In 1855, two years after the time of the first arrivals from New York, a single swarm was brought over from San José, and let fly in the Great Central Plain. Bee-culture, however, has never gained much attention here, notwithstanding the extraordinary abundance of honey-bloom, and the high price of honey during the early years. A few hives are found here and there among settlers who chanced to have learned something about the business before coming to the State. But sheep, cattle, grain, and fruit raising are the chief industries, as they require less skill and care, while the profits thus far have been greater. In 1856 honey sold here at from one and a half to two dollars per pound. Twelve years later the price had fallen to twelve and a half cents. In 1868 I sat down to dinner with a band of ravenous sheep-shearers at a ranch on the San Joaquin, where fifteen or twenty hives were kept, and our host advised us not to spare the large pan of honey he had placed on the table, as it was the cheapest article he had to offer. In all my walks, however, I have never come upon a regular bee-ranch in the Central Valley like those so common and so skilfully managed in the southern counties of the State. The few pounds of honey and wax produced are consumed at home, and are scarcely taken into account among the coarser products of the farm. The swarms that escape from their careless owners have a weary, perplexing time of it in seeking suitable homes. Most of them make their way to the foot-hills of the mountains, or to the trees that line the banks of the rivers, where some hollow log or trunk may be found.
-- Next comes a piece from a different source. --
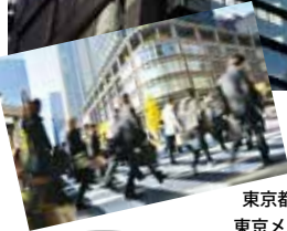
原一探偵事務所 日本橋支社

A friend of mine, while out hunting on the San Joaquin, came upon an old coon trap, hidden among some tall grass, near the edge of the river, upon which he sat down to rest. Shortly afterward his attention was attracted to a crowd of angry bees that were flying excitedly about his head, when he discovered that he was sitting upon their hive, which was found to contain more than 200 pounds of honey. Out in the broad, swampy delta of the Sacramento and San Joaquin rivers, the little wanderers have been known to build their combs in a bunch of rushes, or stiff, wiry grass, only slightly protected from the weather, and in danger every spring of being carried away by floods. They have the advantage, however, of a vast extent of fresh pasture, accessible only to themselves.